Acontece, assim, uma seleção de repertório a partir da lógica privada de atuação dos grandes conglomerados varejistas, não somente do que será vendido, mas antes de quase tudo o que será produzido. Apesar de a autora levantar esses aspectos na perspectiva do mercado dos países desenvolvidos, muito dessas práticas já acontecem no Brasil. Não podemos esquecer de casos como o da banda Planet Hemp, que no início da carreira chegou a ser acusada de apologia às drogas por parte dos meios de comunicação. Depois de alguma acomodação, a banda conseguiu mudar a imagem de apologia para uma atitude moderninha com relação às drogas, entrando para o circuito dos grandes artistas nacionais e hoje vai muito bem, fazendo grande sucesso em todas as rádios e em canais de clips musicais como a MTV.

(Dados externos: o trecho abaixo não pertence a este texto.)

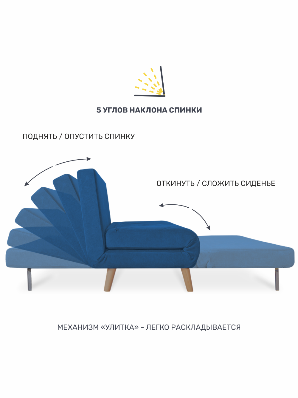 Механизм трансформации улитка - очень прост в использовании, спинка имеет 5 положений: вертикальное «сидя», три дополнительных положения «релакс» и положение «лёжа».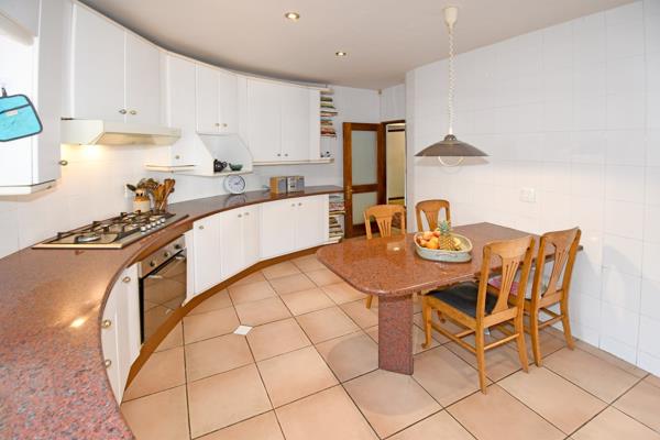 Step inside to spacious living and dining areas, each warmed up by gas heaters perfect for Joburgs crisp evenings. The heart of the home is the delightful eat-in kitchen, featuring curved cabinetry, a gas hob, under-counter oven and plenty of workspace a nostalgic nod to mid-century style blended with everyday functionality.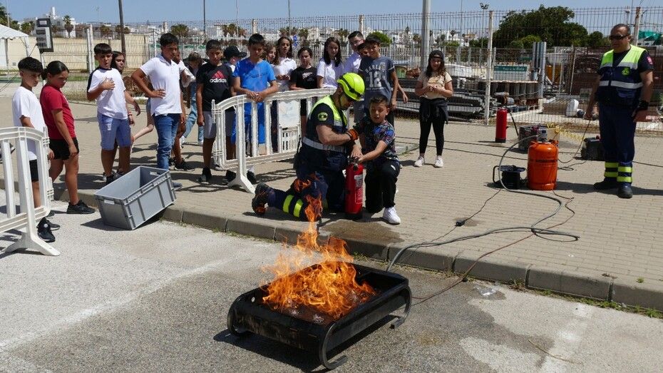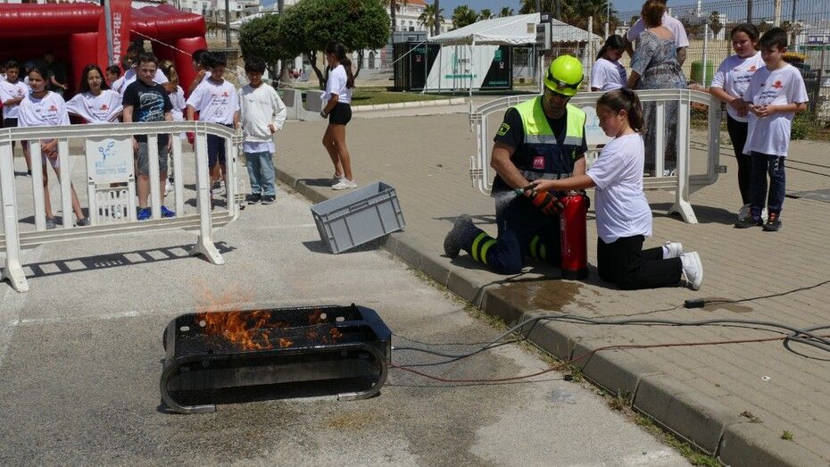 Desde ayer y hasta mañana sábado, un espacio del puerto deportivo de Rota, a la altura de la plaza 470, se ha convertido en recinto en el que aprender sobre prevención de incendios de la mano de unas jornadas que se celebran en la localidad de nuevo este año, organizada por el Ayuntamiento de Rota, la Fundación Mapfre y la Asociación Profesional de Técnicos de Bomberos (APTB), con la colaboración de Protección Civil, la Armada, Policía Local y Policía Nacional. Una iniciativa que durante las mañanas del jueves y hoy viernes ha estado abierta a los escolares de todos los centros educativos a los que se les ofreció la posibilidad de participar, y que mañana sábado, 25 de mayo, se celebrará como una jornada de puertas abiertas.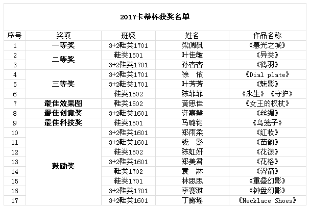首届“卡蒂杯”鞋类设计大赛参赛选手来自设计分院大一至大三鞋类设计专业在校生。经过现场三小时紧张而有序的角逐,17位选手在比赛中脱颖而出。获奖名单及作品列表如下:
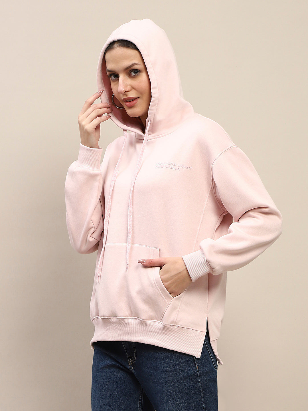 In a charming dusty pink hue, this stylish piece is designed for comfort and versatility, making it perfect for stepping out for a coffee run. The soft cotton fabric feels gentle against the skin, while the close fit provides a flattering silhouette. The eye-catching placement print adds a unique touch, ensuring you stand out in a crowd. With a cozy hood to keep you warm and a relaxed vibe, this sweatshirt is a must-have for any fashion-forward individual.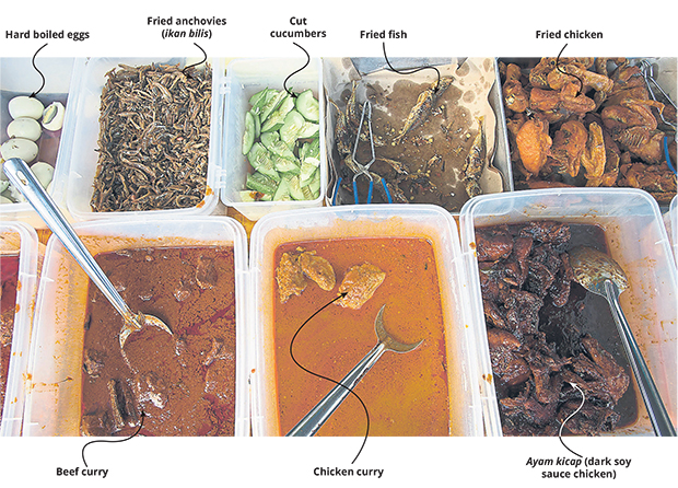 Here are some stalls offering a choice of dishes to go with your nasi lemak. Some of these places are open for breakfast and some only for dinner.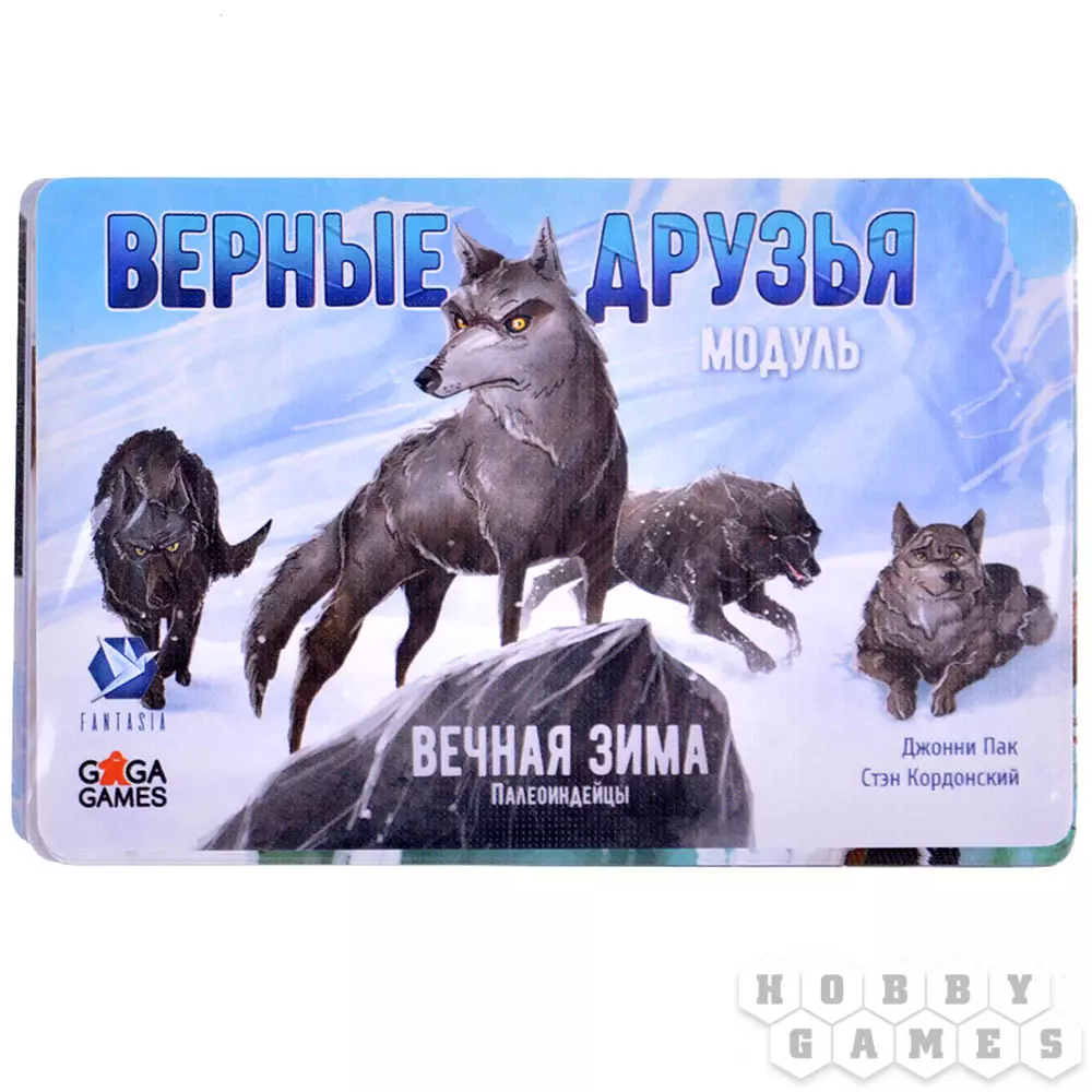 "Вечная зима. Верные друзья" – это дополнительный модуль для игры "Вечная зима: Палеоиндейцы", позволяющий воспользоваться помощью четвероногих компаньонов. Когда вы используете действие "Отдых", вместо карты из основной колоды вы можете взять в руку любую карту из колоды собак. В модуле представлены четыре вида хвостатых друзей, что дадут различные бонусы в фазе затмения и во время выполнения действий.

A autora chama atenção para o fato da maioria das pessoas serem propensas a acreditar em decisões corporativas dessa monta como sendo não-ideológicas, mesmo que apresentem um forte viés político. Tanto no caso do jabá como no da restrição de conteúdos por parte dos varejistas o que está em jogo na verdade são valores eminentemente políticos. Nesse caso, passamos por um processo de “aculturação” em que os valores determinantes para toda a sociedade são aqueles que passam pelo crivo do mercado e consequentemente pelas idéias da classe dominante, engendrando assim uma “cultura comum” a partir de valores e ideais de uma pequena minoria. Não queremos nem podemos reduzir toda a questão da indústria cultural apenas à visão de uma classe, mas fica evidente que qualquer forma de manifestação artística que não contemple a visão de mundo das classes dominantes está fadada ao fracasso mercadológico.

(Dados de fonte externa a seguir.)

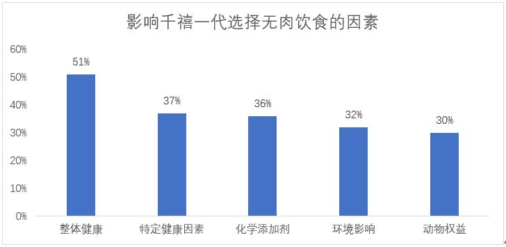 从美国的情况来看,千禧一代对无肉饮食的接受度很高,各种意识在驱动和改变消费者的消费习惯,主要影响因素以“追求健康”、“环境保护”、“动物保护”为主。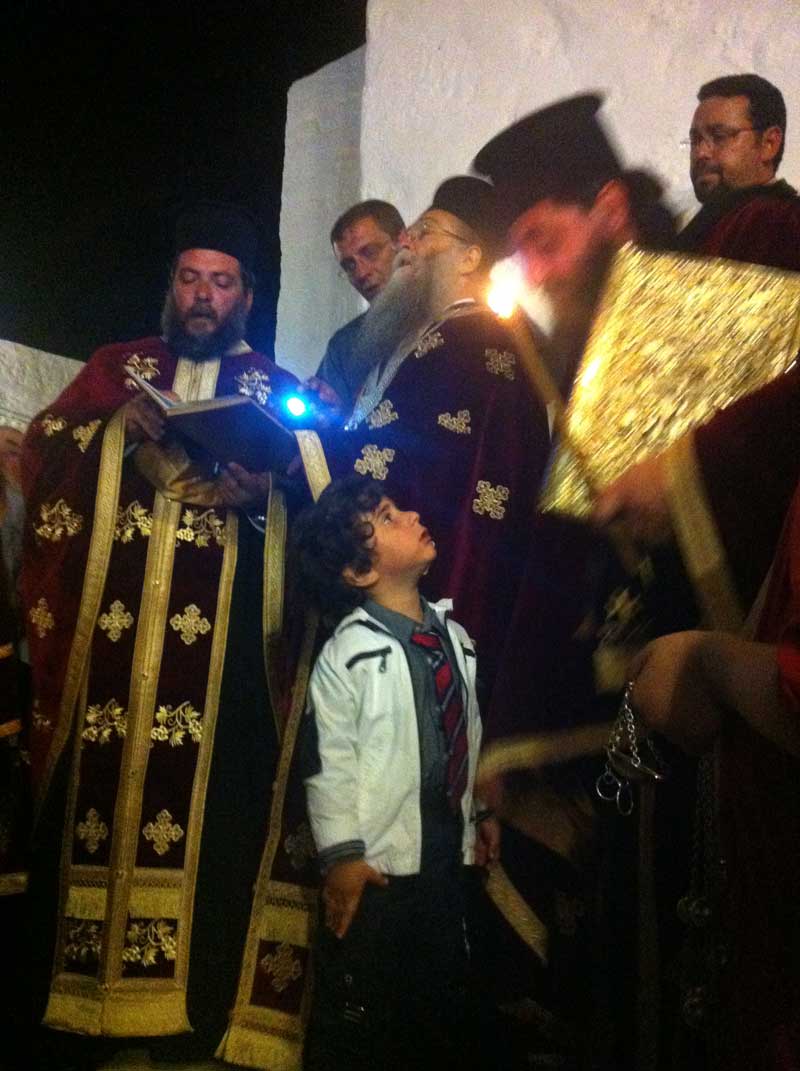 We docked early and headed up the hill to Chora. A couple of Turks and a Greek. Good Friday in Patmos was a revelation. To this Greek. And to his Turkish friends. Greek or Turkish, Christian or Muslim … anyone would be touched by the simple beauty and spiritual complexity of what we witnessed in the little square in the shadow of the monastery. And the image of the little boy tugging at the gilded sleeve of his bearded, singing priest father resplendent in the trappings of the Greek Orthodox Church will remain etched in my mind forever.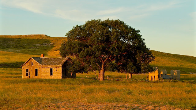 As the setting sun drenches the landscape with golden light, a rickety windmill still works but the rest of the neglected grounds is in ruins. A rare spectacle in the vast sandhills, the big tree looks to be in vigorous shape.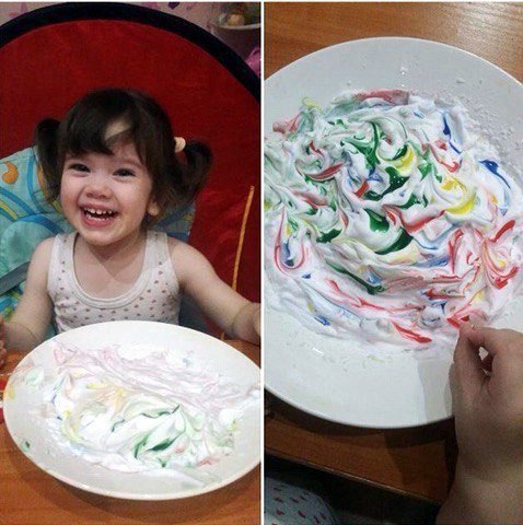 Ватной палочкой ребенок рисует узоры, выбирая цвет краски. Очень просто, а сколько радости и веселья!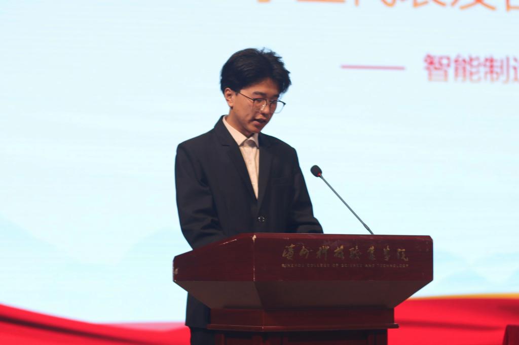 随后,学生代表张帆启航发言。他代表全体学生向关心支持他们的领导和老师表达了崇高的敬意和诚挚的感谢,并呼吁同学们积极参与心理健康教育月的各项活动,在探索与实践中认识自我、关爱他人,让健康心理成为人生最坚实的铠甲。
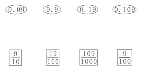 $\frac{2}{10}$ $\frac{6}{10}$ $\frac{9}{10}$ 0.2 0.6 0.9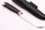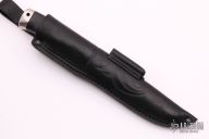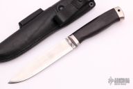 This hunter (please let us know if you know who made this knife) features a hand forged and hollow ground blade with a sort of scandi ground final edge, .217" blade stock and 1.060" blade depth, hidden tang construction. The handle has stainless steel guard and butt with a black wood grip. Comes with a black leather sheath. Excellent condition.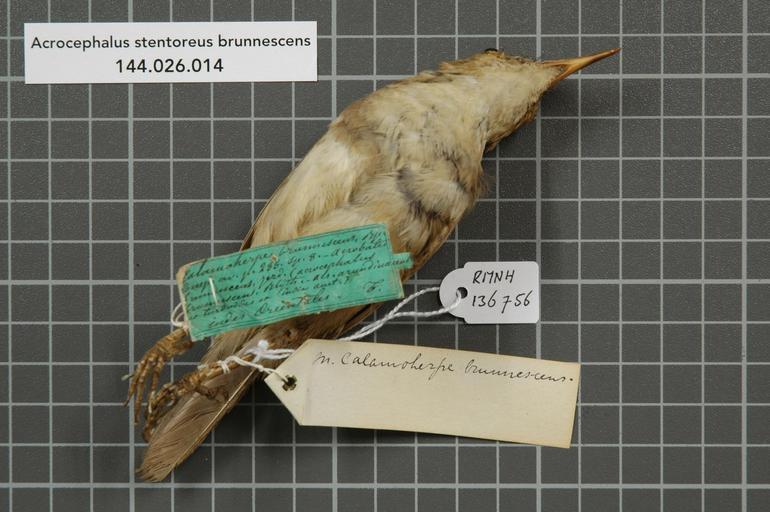 | Keywords: Naturalis Biodiversity Center - RMNH.AVES.136756 2 - Acrocephalus stentoreus brunnescens (Jerdon, 1839) - Sylviidae - bird skin specimen.jpeg artwork Dimensions artwork Document type Sylviidae Acrocephalus Individual count 1 Infraspecific epithet brunnescens Infraspecific rank Institution Naturalis Kind of unit artwork Kind of unit specimen skin Life stage Engelsch Indie Medium artwork Nomenclatural code Additional identification info turdoides ex india auct Country remark On old green label Indes Orientales Occurrence ID page Other fields Other versions artwork Permission license Naturalis donation CC-0 Publication location Scientific name Acrocephalus stentoreus brunnescens Jerdon 1839 Scientific name authorship Jerdon 1839 male Source url http //bioportal naturalis nl Specific epithet stentoreus State or province Subject keywords artwork Subject keywords publication Title artwork Title publication Type status Uploaded with GWToolset Naturalis_Biodiversity_Center_-_RMNH AVES 136756_2_-_Acrocephalus_stentoreus_brunnescens_ Jerdon _1839 _-_Sylviidae_-_bird_skin_specimen http //medialib naturalis nl/file/id/RMNH AVES 136756_2/format/large Media donated by Naturalis Biodiversity Center Songbird specimens at Naturalis Biodiversity Center Acrocephalus stentoreus museum specimens |

Como pode ser encarada, nessa perspectiva, a omissão das grandes redes de comunicação para o rap da periferia de grupos como o Racionais, que apresenta uma visão de mundo diametralmente oposta àquela das classes dominantes? Sabemos que existe uma recusa explicita do líder do grupo em participar de programas nas grandes redes, e podemos especular que essa recusa é corolário do poder de veto dessas emissoras, que certamente vai exigir desses grupos uma versão higienizada de seus trabalhos (KLEIN, 2004), uma vez que tais conteúdos vão de encontro à visão de mundo das classes dominantes. Quanto mais a cultura é comercializada, maior a imposição da disciplina do mercado em forçar os produtores aos valores conservadores da prudência, antiinovação e um nervosismo quanto a ser causa de conflitos (EAGLETON, 2005).